§ Goal of the exercise
Below are the records; repeat exactly their lines between the line holding "公牛(BULL)插座扩展器一转多/一转四插座/转换插头/转换器/插排/插线板 适用卧室、厨房 柔性4位分控GN-97223" and the line holding "تي شيرت وبنطلون", inclusive, skipping the pictures.

§ Entries supplied
------------------------------------------------------------

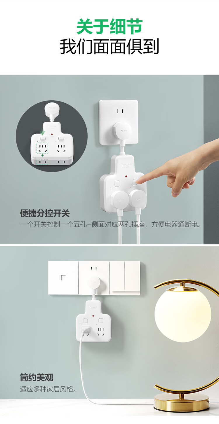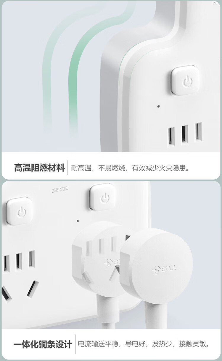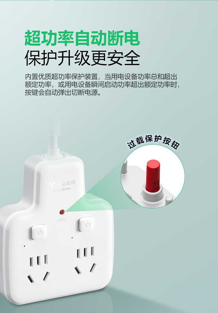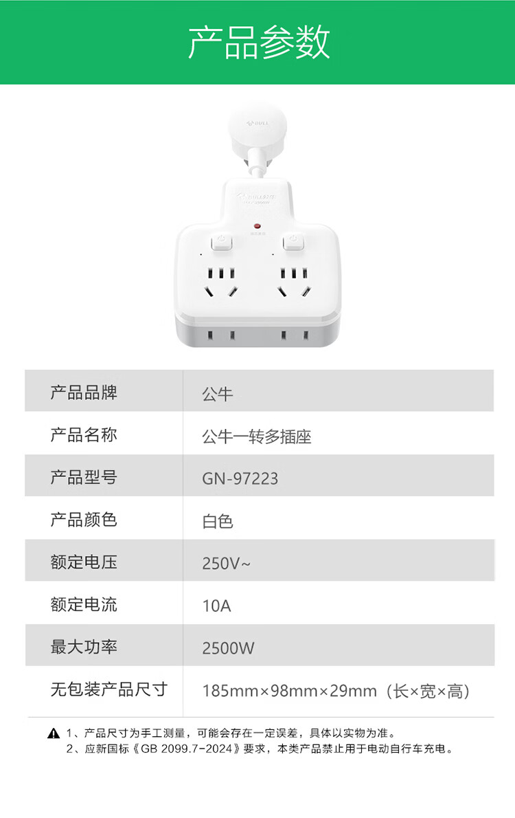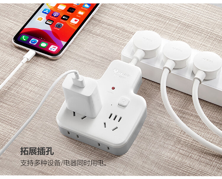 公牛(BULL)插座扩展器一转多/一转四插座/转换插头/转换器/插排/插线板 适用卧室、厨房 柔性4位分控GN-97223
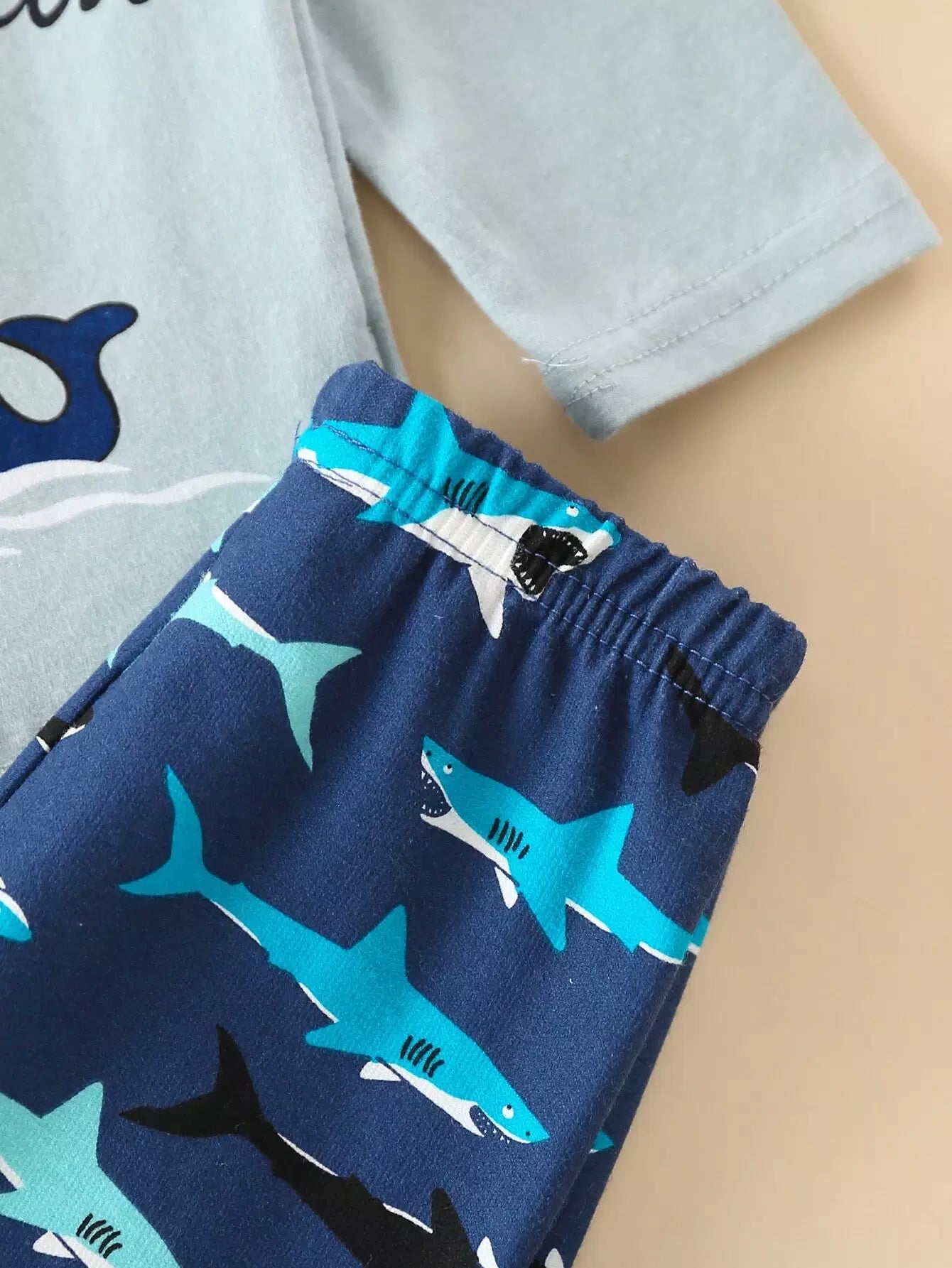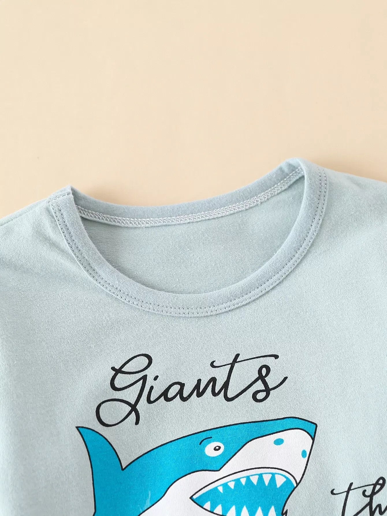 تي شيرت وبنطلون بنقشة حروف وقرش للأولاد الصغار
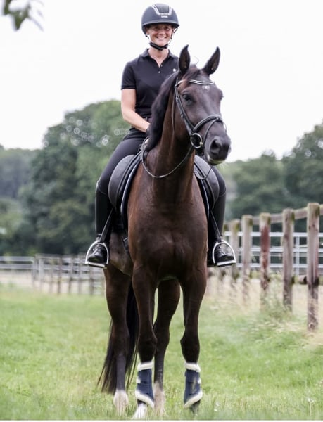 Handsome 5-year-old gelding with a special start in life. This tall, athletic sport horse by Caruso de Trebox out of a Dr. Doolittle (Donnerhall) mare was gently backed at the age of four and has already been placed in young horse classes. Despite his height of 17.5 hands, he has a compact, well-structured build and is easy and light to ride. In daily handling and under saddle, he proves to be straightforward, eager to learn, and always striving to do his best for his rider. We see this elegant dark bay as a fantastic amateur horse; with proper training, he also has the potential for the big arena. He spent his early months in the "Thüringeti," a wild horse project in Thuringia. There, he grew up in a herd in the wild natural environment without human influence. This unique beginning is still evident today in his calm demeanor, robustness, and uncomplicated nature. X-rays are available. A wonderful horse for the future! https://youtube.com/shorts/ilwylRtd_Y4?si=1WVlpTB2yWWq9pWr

------------------------------------------------------------

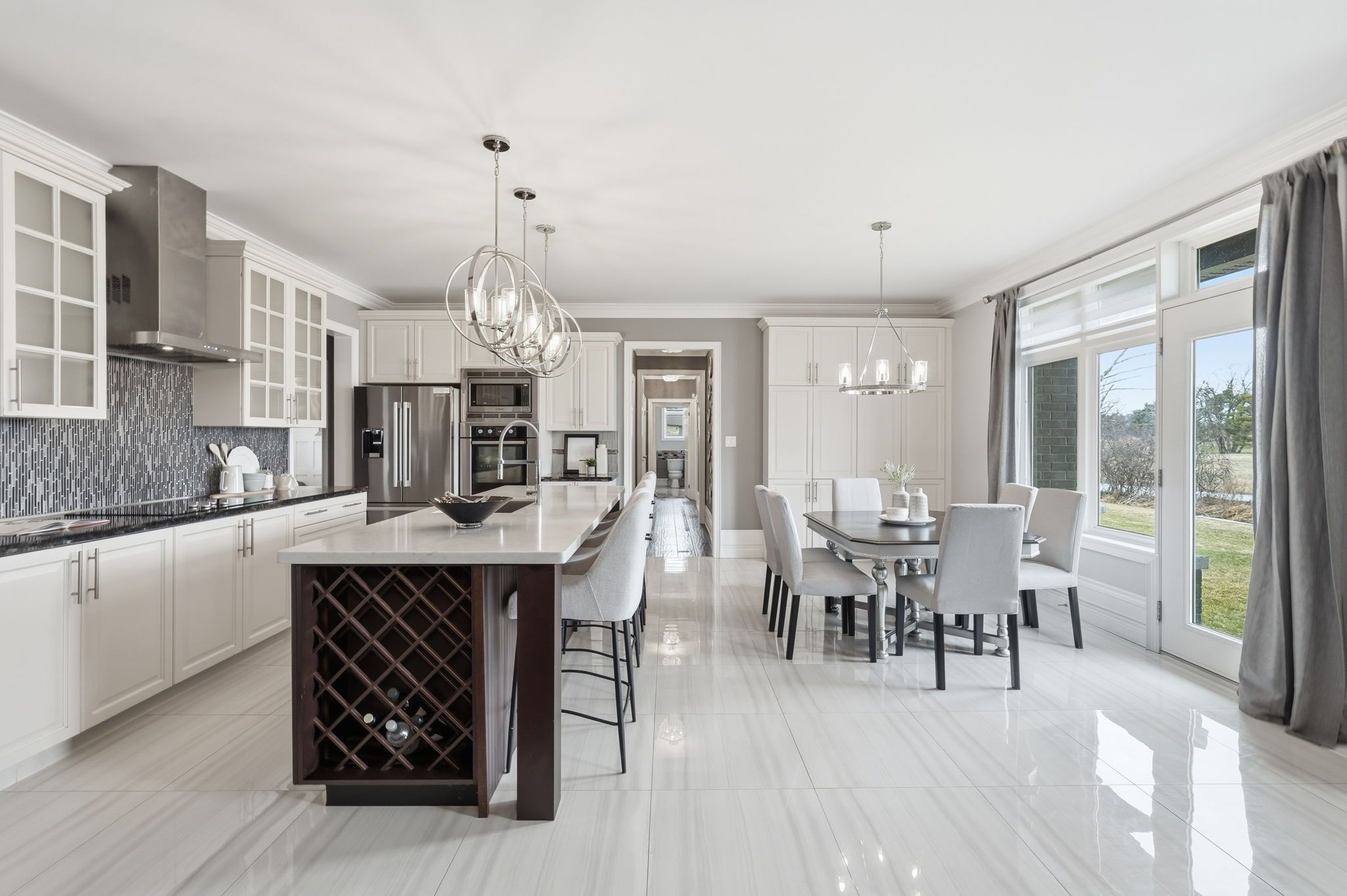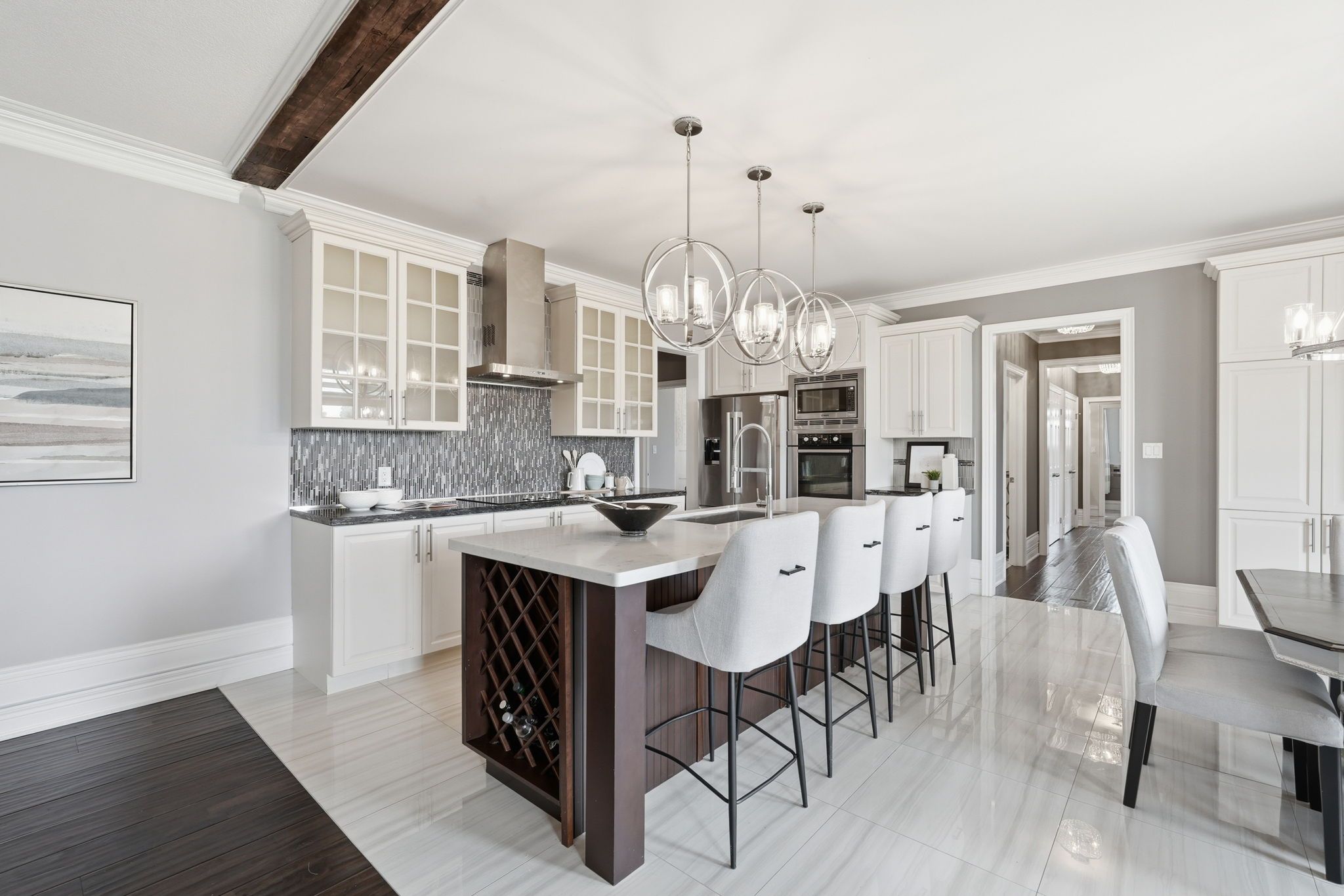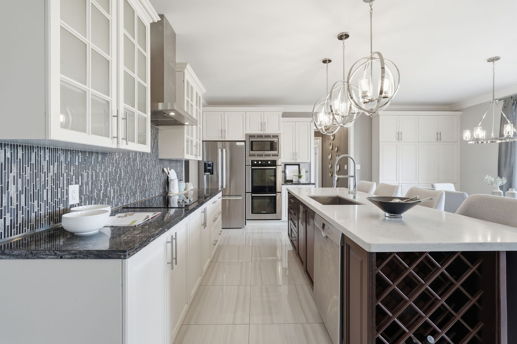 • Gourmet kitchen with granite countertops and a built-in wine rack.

------------------------------------------------------------

§ Answer to this problem
 公牛(BULL)插座扩展器一转多/一转四插座/转换插头/转换器/插排/插线板 适用卧室、厨房 柔性4位分控GN-97223
 تي شيرت وبنطلون بنقشة حروف وقرش للأولاد الصغار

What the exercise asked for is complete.